ACTIVITY - Only the lines below from the one containing "The top of the" through the one containing "Tray fits the" belong in the answer, set down exactly, with the pictures left out.
————————
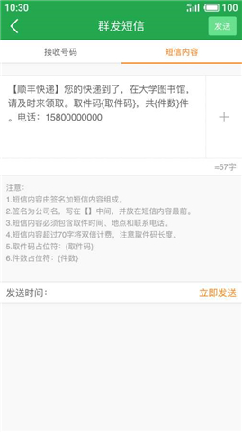 快递短信宝专门为学校、乡镇快递员设计,方便快递员发送取件通知短信,短信由106平台发送,发送稳定快速,支持回复,可以加入取件码、快递包裹数量。短信不会被屏蔽,支持语音输入号码,近期将加入扫描识别,短信内容模版云端保存,免去频繁输入短信内容,价格最低只要3分,还有更多优惠活动。【软件特色】
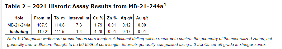 8.5 m grading 1.56 per cent Cu, 2.05 per cent Zn, 24.3 g/t Ag and 0.65 g/t Au (2.52 per cent CuEq), including 2.6 m grading 0.85 per cent Cu, 2.64 per cent Zn, 19.5 g/t Ag and 1.59 g/t Au (2.58 per cent CuEq).
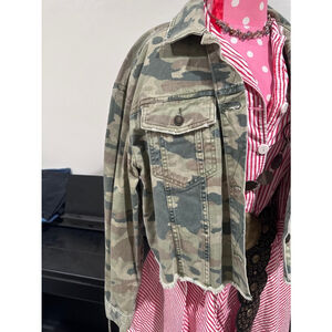This is a new, never worn, Free People camo denim jacket. It is a cropped style with a raw hem and features a classic denim jacket silhouette with two front pockets and a button closure. The jacket is made of a soft, lightweight denim fabric and is in excellent condition. It has a relaxed fit and is perfect for layering over dresses or shirts. The jacket is a size small and measures approximately 19 inches from shoulder to hem and 17 inches from pit to pit. The jacket is in new condition without tags or box.
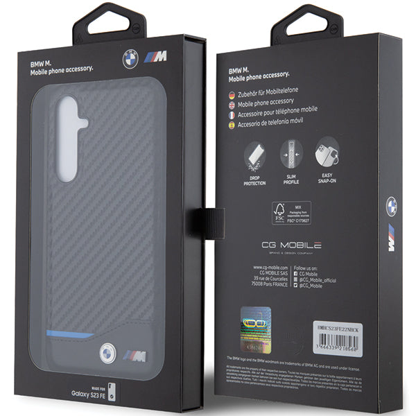 The top of the cases from the Leather Carbon collection is covered with carbon fabric and natural leather, which gives your iPhone a unique and unusual look. BMW is known and appreciated for its elegant designs and exquisite finishes, which are perfectly showcased in this collection of protective cases. The cover is additionally decorated with blue stitching, which is an integral color with the colors of the BMW brand. Delicate leather, a unique carbon fabric motif and stylish details make the collection give all devices a classic, elegant shape. The whole is topped with a small metal BMW and M package logo, which also confirms the highest quality and authenticity of the product.
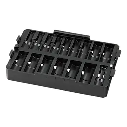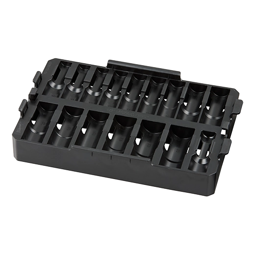 Tray fits the following Milwaukee SHOCKWAVE Impact Duty™ Deep Sockets & Accessory: 10mm, 11mm, 12mm, 13mm, 14mm, 15mm, 16mm, 17mm, 18mm, 19mm, 20mm, 21mm, 22mm, 23mm, 24mm, 3" Extension
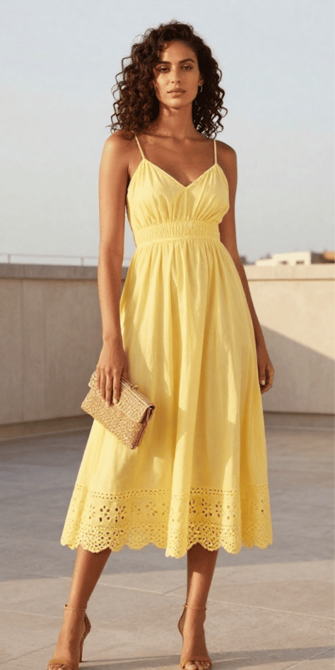 This butter yellow sundress with a lacey eyelet hem feels like the easiest kind of spring romance. I love the soft straps, the gentle waist definition, and that embroidered hem detail that makes it feel intentional—not just “a random cute dress.” For spring wedding guest outfit ideas, this is a gorgeous pick for casual-to-semi-formal daytime weddings. The image shows a light, sunny midi with delicate cutwork near the hem—so pretty and airy.
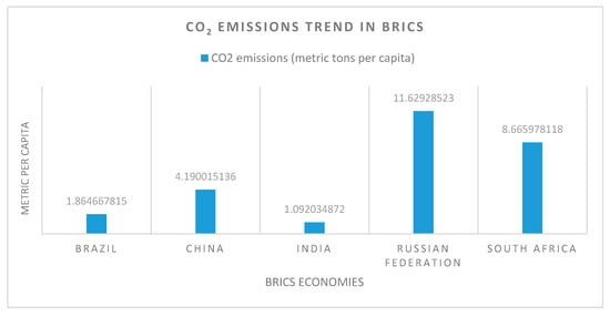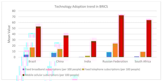 The data suggest that all the BRICS countries are included in the top 15 most polluting countries. Three of them, China, India, and Russia, are found in the top four emission-generating countries []. Concerning an average per capita emission generation, Russia is on top of the BRICS group, followed by South Africa, China, Brazil, and India (Figure 1). China and India have less per capita emissions due to the large population as compared to other BRICS countries. Figure 2 depicts the recent technology adoption trend in BRICS economies.
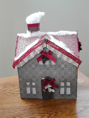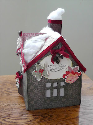 Isn’t this great? I had a home decor class and Sue made this beautiful Victorian house using Deck the Halls Designer Series paper, Bells & Boughs stamp set and the Decor Accents Design-a-house.I love all the detail she added to it.
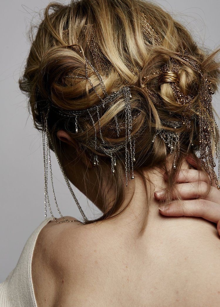 Главный принцип тренда — «чем больше, тем лучше». Лаконичные пучки уходят в прошлое, уступая место рассыпанным по прическе звездам, жемчужинам и кристаллам. Невеста может позволить себе миксовать металлы: золото соседствует с серебром, а матовый жемчуг — с сиянием страз.
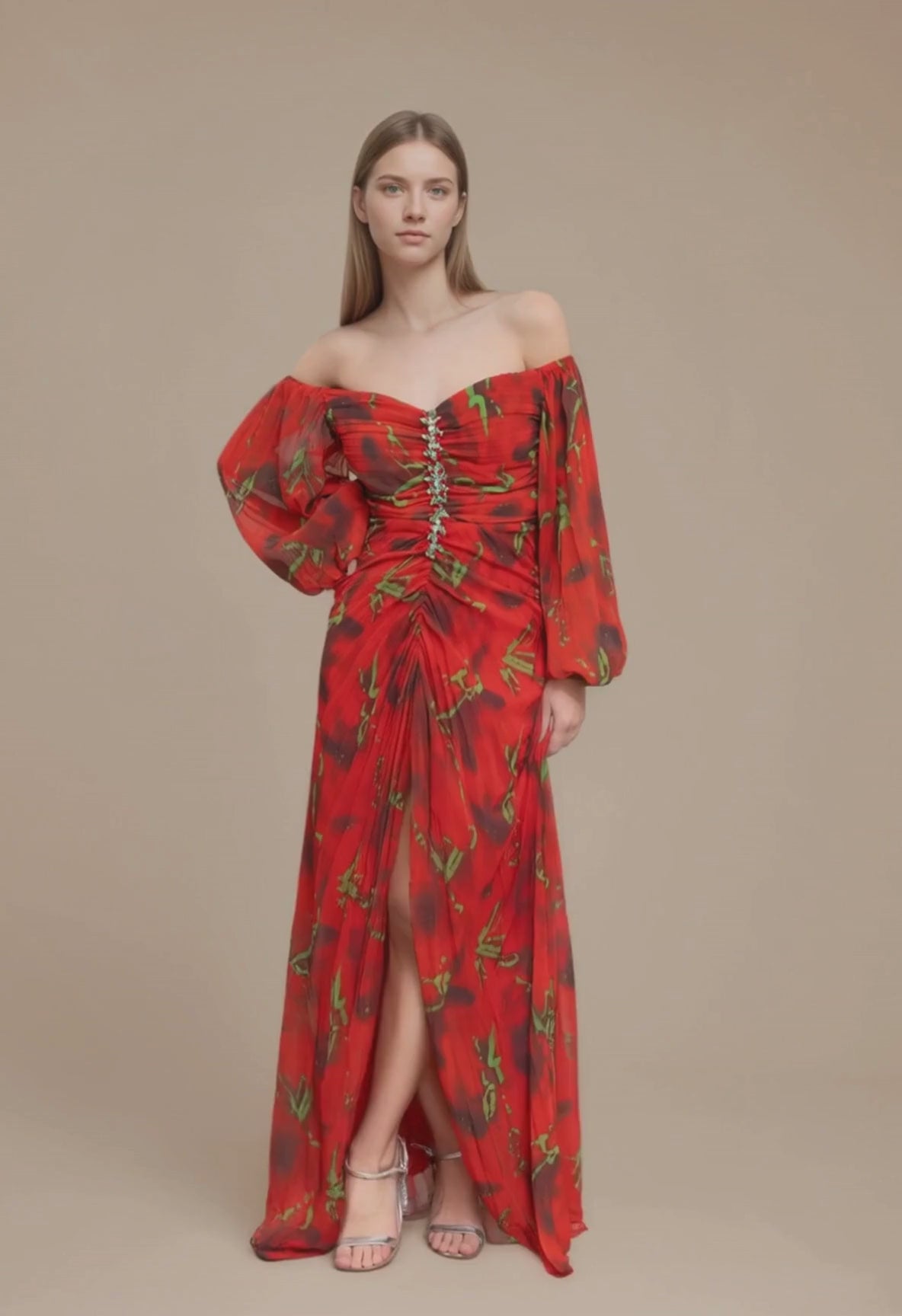 Cette robe de soirée en satin stretch met en valeur la silhouette avec un décolleté en V, des épaules structurées ornées de strass et des manches en tulle transparent. Le drapé croisé à la taille et la longue jupe fendue allongent la ligne pour...
————————
ANSWER AREA -
 The top of the cases from the Leather Carbon collection is covered with carbon fabric and natural leather, which gives your iPhone a unique and unusual look. BMW is known and appreciated for its elegant designs and exquisite finishes, which are perfectly showcased in this collection of protective cases. The cover is additionally decorated with blue stitching, which is an integral color with the colors of the BMW brand. Delicate leather, a unique carbon fabric motif and stylish details make the collection give all devices a classic, elegant shape. The whole is topped with a small metal BMW and M package logo, which also confirms the highest quality and authenticity of the product.
 Tray fits the following Milwaukee SHOCKWAVE Impact Duty™ Deep Sockets & Accessory: 10mm, 11mm, 12mm, 13mm, 14mm, 15mm, 16mm, 17mm, 18mm, 19mm, 20mm, 21mm, 22mm, 23mm, 24mm, 3" Extension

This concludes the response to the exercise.